◆ EXERCISE MATERIALS

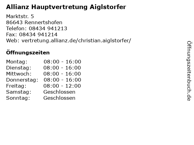 1 Allianz Versicherung Horst Fuchs Hauptvertretung (Entfernung: 19,27 km) Augsburger Straße 17 a, 86668 Karlshuld 2 Manfred Aiglstorfer Unternehmensberatung (Entfernung: 24,30 km) Nördliche Ringstr. 13, 85080 Gaimersheim 4 Norbert Raab Zürich Versicherung Generalagentur (Entfernung: 0,15 km) Marktstr. 16, 86643 Rennertshofen 5 Generali Versicherungen - Josef Empl Generalagentur (Entfernung: 16,84 km) Marktplatz 8, 86653 Monheim 6 Gothaer Versicherung - Generalagentur Torsten Seiverth (Entfernung: 24,21 km) Aufeldstr. 2, 85051 Ingolstadt |
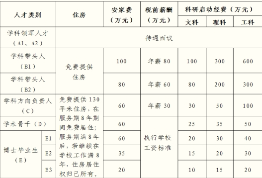 (6)原則上引進的博士研究生其配偶為全日制普通碩士研究生及以上學歷,能適應(yīng)教學工作,所學專業(yè)與現(xiàn)有本科專業(yè)要求相符的,按照有關(guān)政策安排工作;不安排配偶工作的博士研究生,增加安家費6萬元。
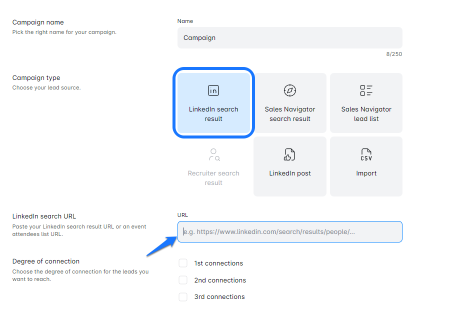 In Marketing Monk, paste your LinkedIn search URL into the designated area. Give your campaign a name that resonates with your goals.
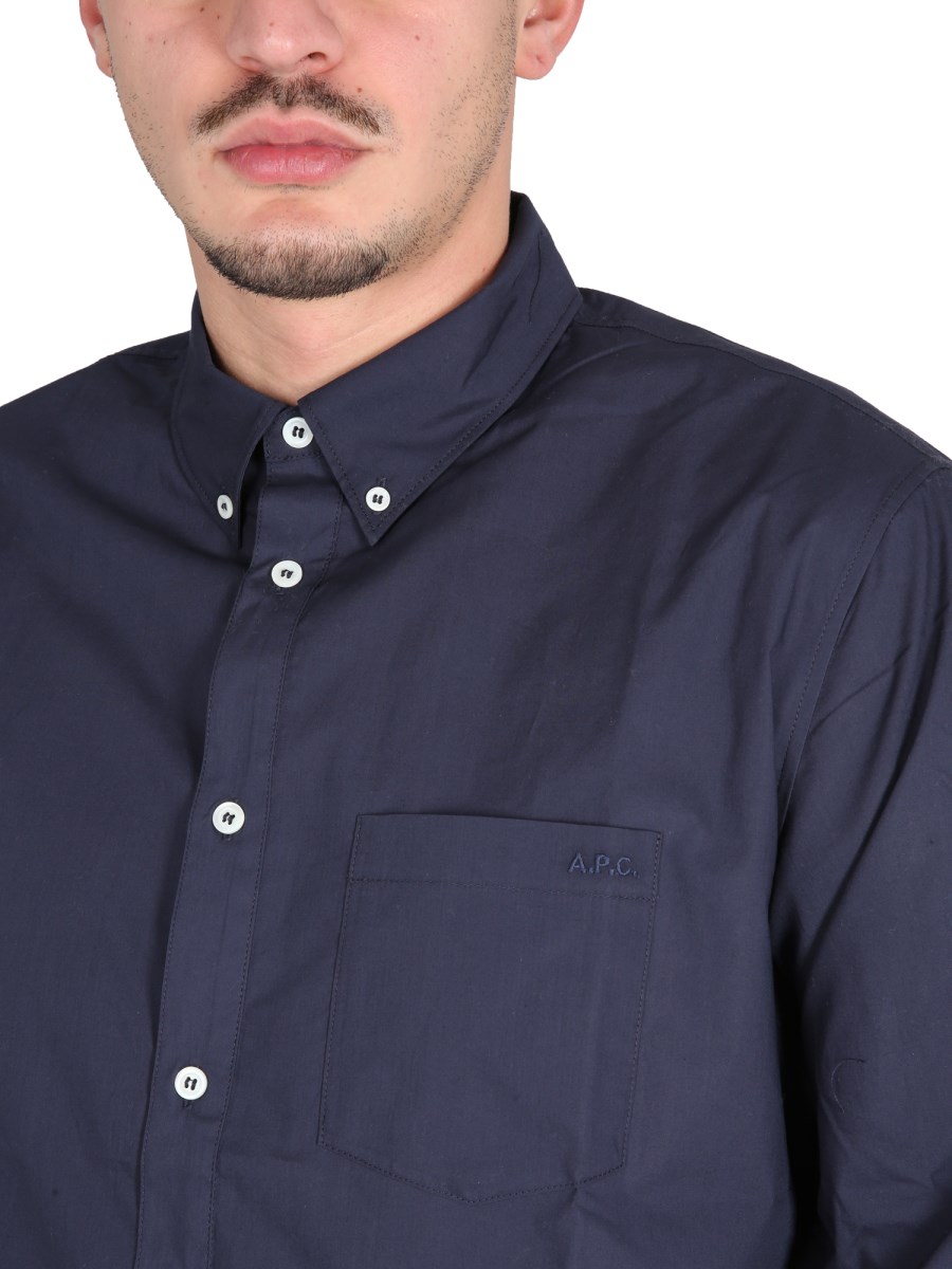 Una camicia classica per ogni occasione, questa camicia di A.P.C. presenta un colletto con chiusura frontale a bottoni e una vestibilità regolare. Realizzata in popeline di cotone, questa camicia è una scelta versatile per l'abbigliamento quotidiano. Se volete vestirvi bene per una giornata informale in ufficio, una giornata informale al parco o una giornata di relax, questa camicia è perfetta per voi.
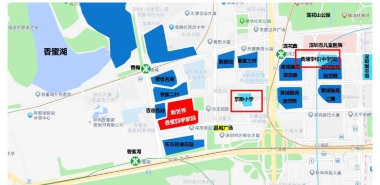 在教育配套方面,项目自带一所约3000㎡的9班制幼儿园,右侧是一所在建中的36班福田区人民小学,预计今年投入使用。根据24年学区划分,项目对应书包为福田景鹏小学、福田区荔园外国语小学(景田校区)和福田黄埔学校初中部。
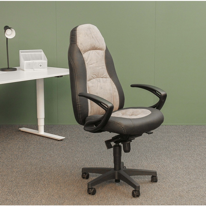 • poťah z čiernej ekokože a farebného mikrovlákna, dômyselne prešívaný s dvojitými švami, farebne ladiaci s poťahom z mikrovlákna

◆ EXERCISE GOAL
From the first line through the line with "In Marketing Monk, paste", output those lines of the entries above exactly, and nothing else, with the pictures left out.

◆ FINISHED TASK
 1 Allianz Versicherung Horst Fuchs Hauptvertretung (Entfernung: 19,27 km) Augsburger Straße 17 a, 86668 Karlshuld 2 Manfred Aiglstorfer Unternehmensberatung (Entfernung: 24,30 km) Nördliche Ringstr. 13, 85080 Gaimersheim 4 Norbert Raab Zürich Versicherung Generalagentur (Entfernung: 0,15 km) Marktstr. 16, 86643 Rennertshofen 5 Generali Versicherungen - Josef Empl Generalagentur (Entfernung: 16,84 km) Marktplatz 8, 86653 Monheim 6 Gothaer Versicherung - Generalagentur Torsten Seiverth (Entfernung: 24,21 km) Aufeldstr. 2, 85051 Ingolstadt |
 (6)原則上引進的博士研究生其配偶為全日制普通碩士研究生及以上學歷,能適應(yīng)教學工作,所學專業(yè)與現(xiàn)有本科專業(yè)要求相符的,按照有關(guān)政策安排工作;不安排配偶工作的博士研究生,增加安家費6萬元。
 In Marketing Monk, paste your LinkedIn search URL into the designated area. Give your campaign a name that resonates with your goals.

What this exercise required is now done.